→ Work instruction:
Apart from the pictures, reproduce the data below exactly as it stands.

→ Input data:
━━━━━━━━━━━━━━━━

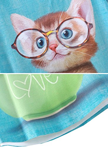 Futurino Women’s Lovely Cup Cat in Teacup Print Short Sleeve T shirt Tops
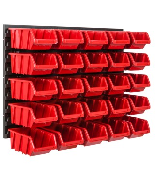 Ścianka warsztatowa wyposażona jest w wysokiej jakości pojemniki magazynowe wykonane z dbałością o detale. Stworzone z myślą o przechowywaniu sporej ilości różnych elementów zawierających się w wyposażenie warsztatu oraz innych drobiazgów, tj. gwoździe czy śrubki. Konstrukcja jest odporna na chemię oraz czynniki atmosferyczne. Ergonomiczny kształt pojemników umożliwia ich piętrowanie. Otwarty front zapewnia łatwy dostęp do zawartości pojemnika. Świetny dodatek stanowią wytrzymałe uchwyty i półki narzędziowe tj. młotek, wiertła, klucze, śrubokręt czy kombinerki. Dzięki uchwytom najważniejsze narzędzia będą zawsze pod ręką i zajmują znacznie mniej miejsca w warsztacie. Praktyczne oraz świetnie wyglądające rozwiązanie.
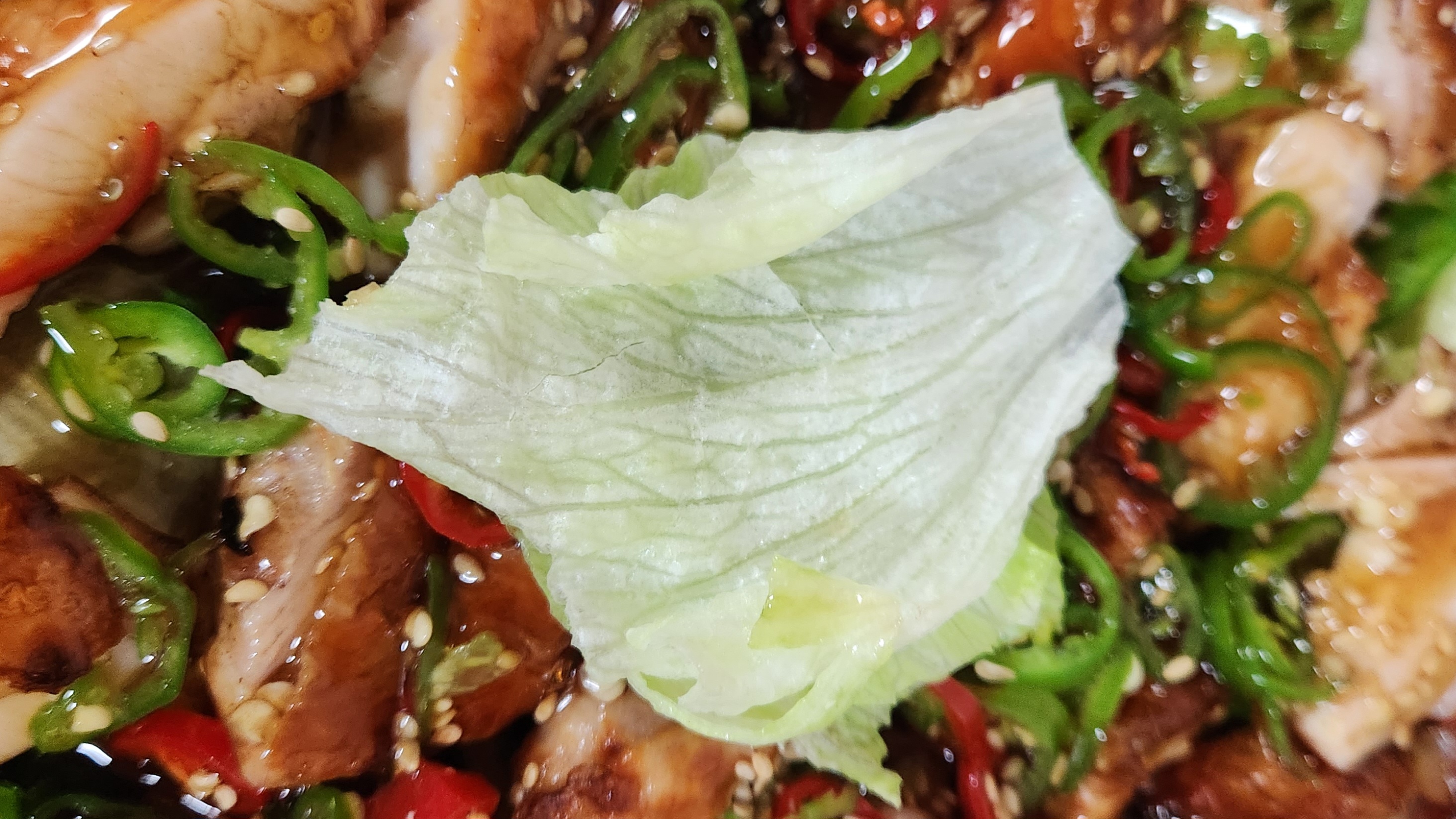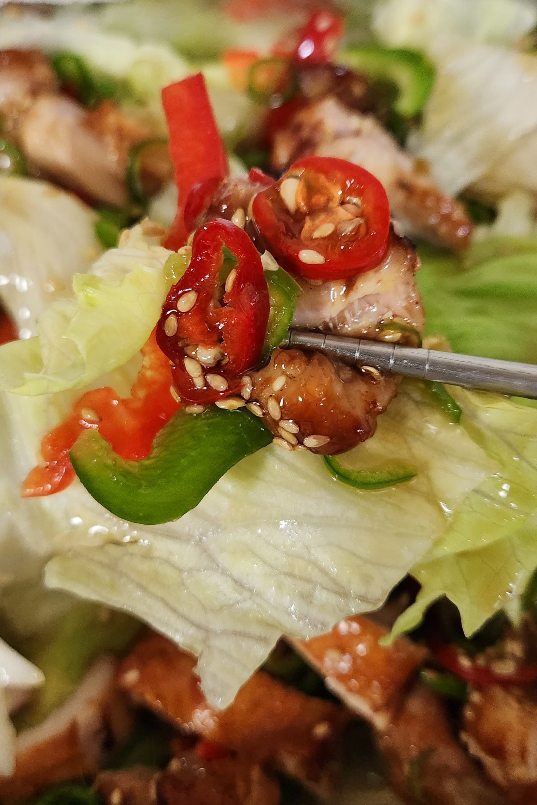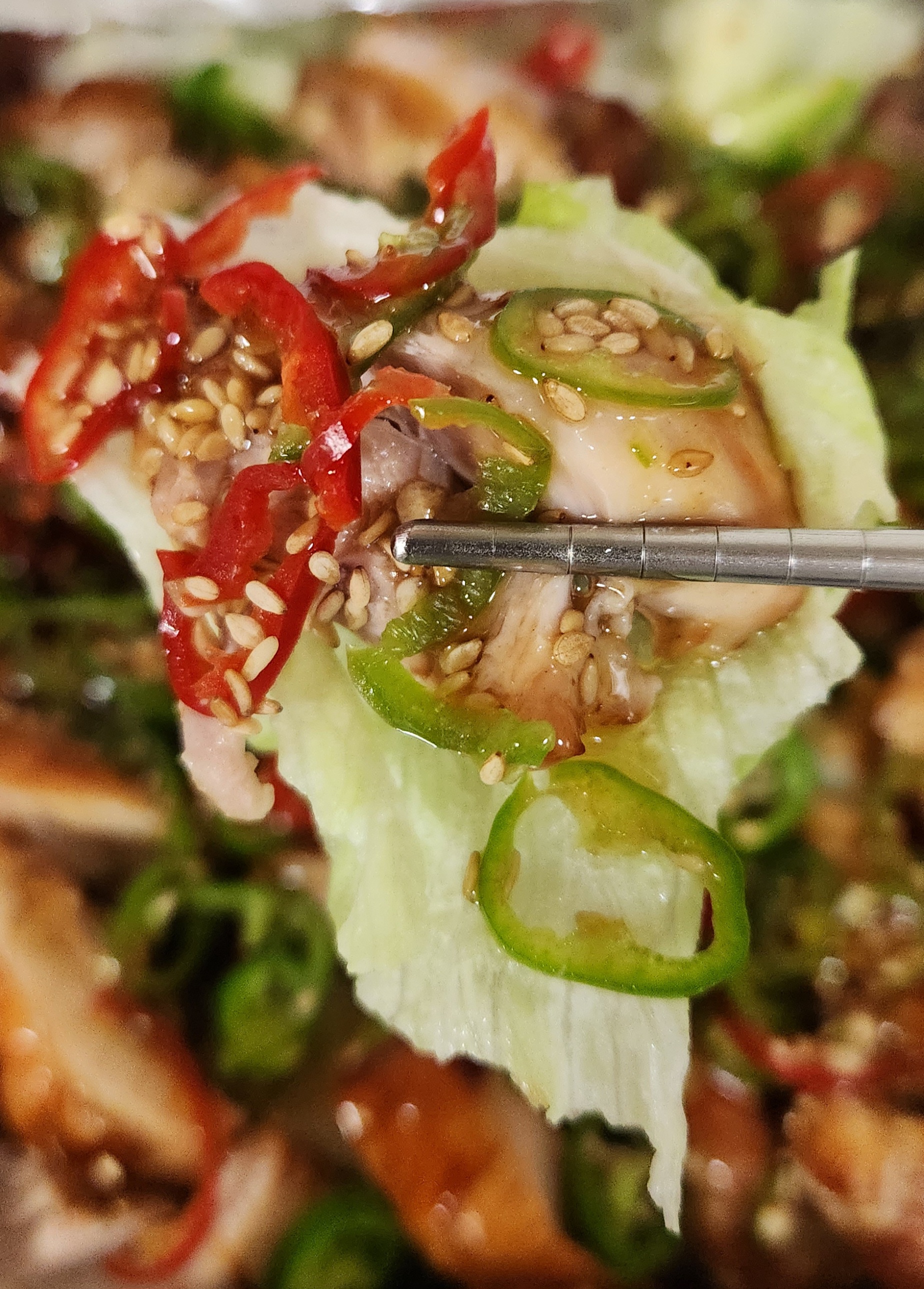 달콤, 상큼한 소스에 양상추, 피망의 식감이 더해지니

━━━━━━━━━━━━━━━━

→ Written reply:
 Futurino Women’s Lovely Cup Cat in Teacup Print Short Sleeve T shirt Tops
 Ścianka warsztatowa wyposażona jest w wysokiej jakości pojemniki magazynowe wykonane z dbałością o detale. Stworzone z myślą o przechowywaniu sporej ilości różnych elementów zawierających się w wyposażenie warsztatu oraz innych drobiazgów, tj. gwoździe czy śrubki. Konstrukcja jest odporna na chemię oraz czynniki atmosferyczne. Ergonomiczny kształt pojemników umożliwia ich piętrowanie. Otwarty front zapewnia łatwy dostęp do zawartości pojemnika. Świetny dodatek stanowią wytrzymałe uchwyty i półki narzędziowe tj. młotek, wiertła, klucze, śrubokręt czy kombinerki. Dzięki uchwytom najważniejsze narzędzia będą zawsze pod ręką i zajmują znacznie mniej miejsca w warsztacie. Praktyczne oraz świetnie wyglądające rozwiązanie.
 달콤, 상큼한 소스에 양상추, 피망의 식감이 더해지니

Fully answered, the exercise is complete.